By the modern left’s standards, the media’s embrace of the pro-fat movement is institutional racism. CDC data shows black and Hispanic minorities have the highest age-adjusted prevalence of obesity of any group. Fifty percent of black Americans are considered obese in addition to nearly 46 percent of Hispanics.

Meanwhile, there is no shortage of examples of bizarre and growing hostility towards the active promotion of healthy lifestyles — even when Lizzo, an icon of the deadly pro-fat movement, does something productive for her own health. And the pro-fat movement is deadly. Those who are overweight or obese are at a higher risk of high blood pressure, cancers, diabetes, stroke, coronary heart disease, breathing problems, high cholesterol, and mental illness to name a few, all while rendered sedentary in the immediate future.

Pop culture, however, continues to dismiss the American obesity crisis as not a crisis at all. Magazines from Self to Cosmopolitan have published cover series pitching obesity to women.
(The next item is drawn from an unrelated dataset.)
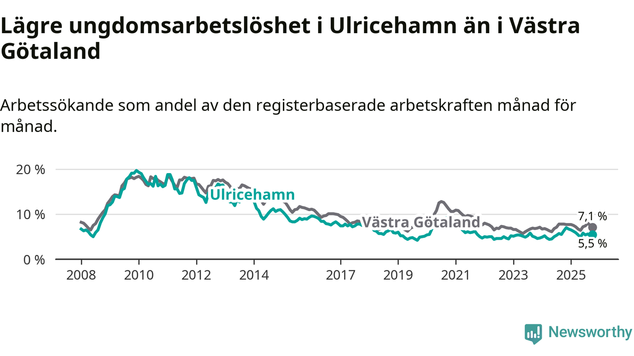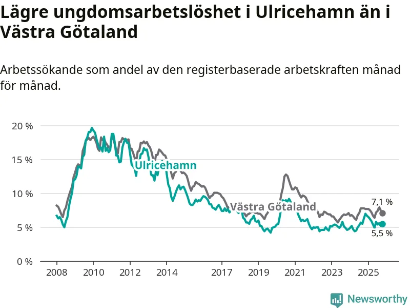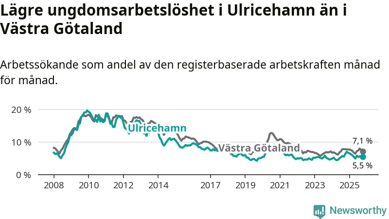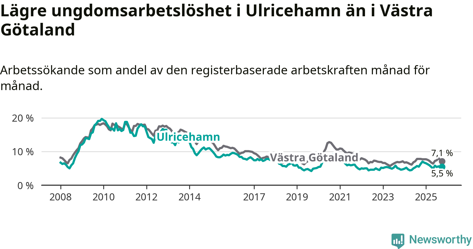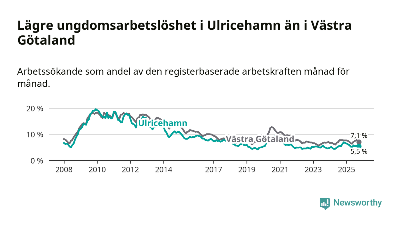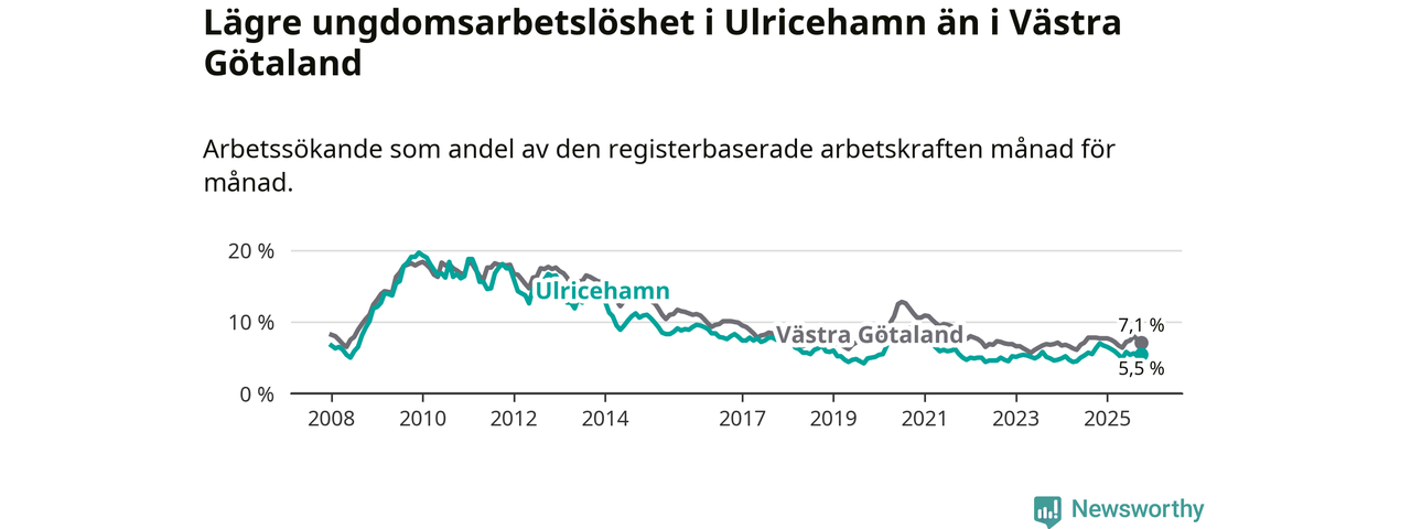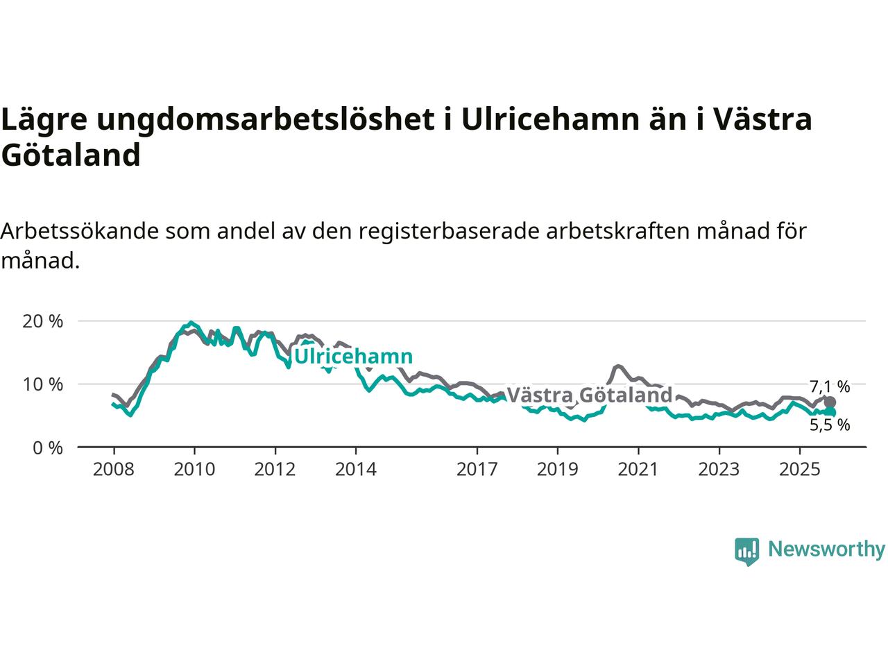 Precis som den totala arbetslösheten ligger ungdomsarbetslösheten i Ulricehamn lägre än i Västra Götaland som helhet. Skillnaden mellan kommunen och länet är 1,6 procentenheter.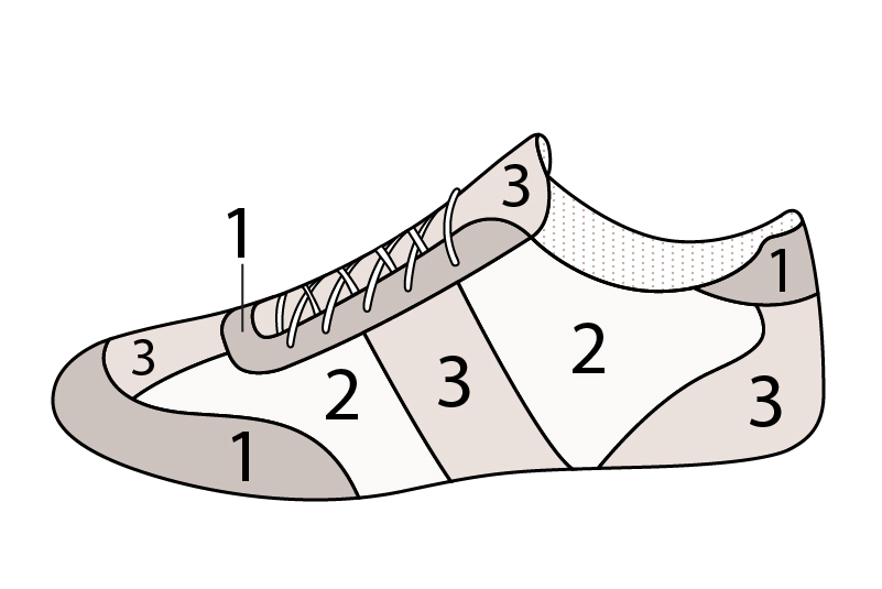 Semelles compensées d'une hauteur de 1.5 centimètre au talon

Just last month, California’s largest school district published a video to its more than half a million students, shaming those who suggest nutritious choices over “bad food” such as donuts. Never mind that 1 in 5 children nationwide is already considered obese.

West’s commentary on the issue is a sharp break from the growing list of cultural influencers who grow their followings by capitalizing on a sick and apathetic population.